__What you are asked to do__: Skip the pictures and give back the rest of the listing exactly.

__Raw data__:

===

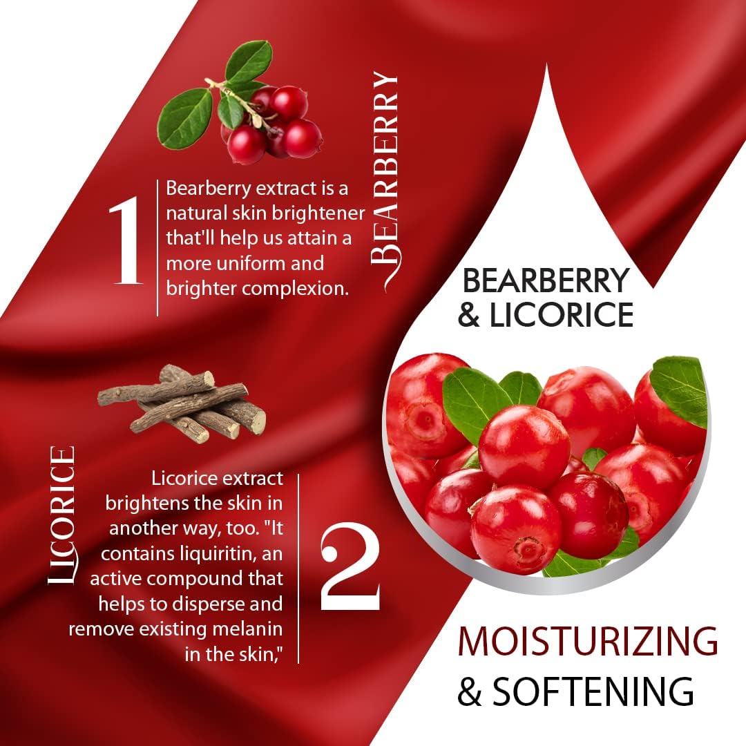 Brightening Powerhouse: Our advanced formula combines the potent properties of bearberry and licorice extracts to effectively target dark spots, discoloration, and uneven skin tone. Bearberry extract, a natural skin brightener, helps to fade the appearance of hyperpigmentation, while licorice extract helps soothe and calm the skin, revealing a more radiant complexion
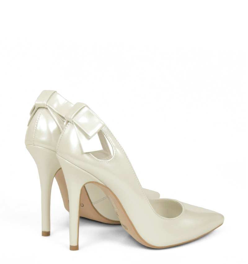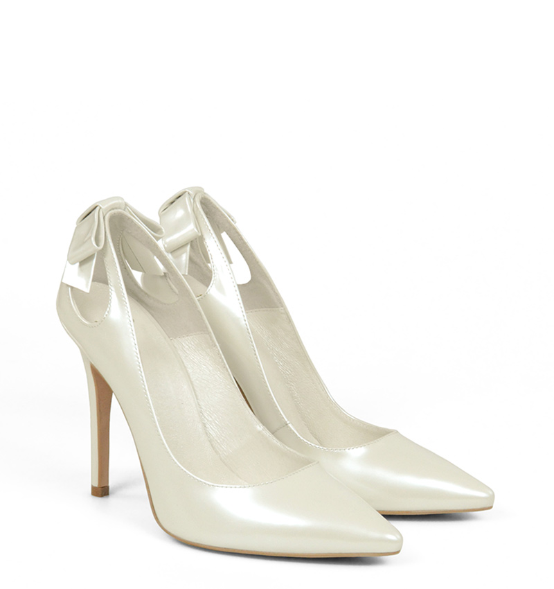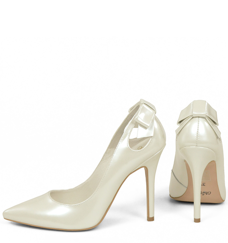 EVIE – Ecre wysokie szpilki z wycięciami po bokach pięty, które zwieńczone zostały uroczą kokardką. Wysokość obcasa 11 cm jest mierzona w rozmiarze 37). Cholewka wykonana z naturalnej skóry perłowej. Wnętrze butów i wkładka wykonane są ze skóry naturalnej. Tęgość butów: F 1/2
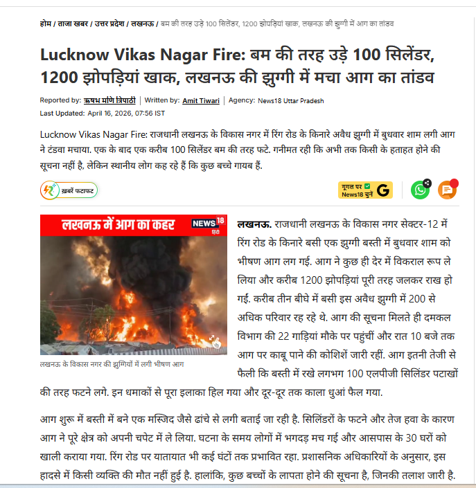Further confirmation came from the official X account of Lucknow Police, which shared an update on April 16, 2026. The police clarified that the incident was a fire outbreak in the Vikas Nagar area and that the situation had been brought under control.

===

__Exercise result__:
 Brightening Powerhouse: Our advanced formula combines the potent properties of bearberry and licorice extracts to effectively target dark spots, discoloration, and uneven skin tone. Bearberry extract, a natural skin brightener, helps to fade the appearance of hyperpigmentation, while licorice extract helps soothe and calm the skin, revealing a more radiant complexion
 EVIE – Ecre wysokie szpilki z wycięciami po bokach pięty, które zwieńczone zostały uroczą kokardką. Wysokość obcasa 11 cm jest mierzona w rozmiarze 37). Cholewka wykonana z naturalnej skóry perłowej. Wnętrze butów i wkładka wykonane są ze skóry naturalnej. Tęgość butów: F 1/2
Further confirmation came from the official X account of Lucknow Police, which shared an update on April 16, 2026. The police clarified that the incident was a fire outbreak in the Vikas Nagar area and that the situation had been brought under control.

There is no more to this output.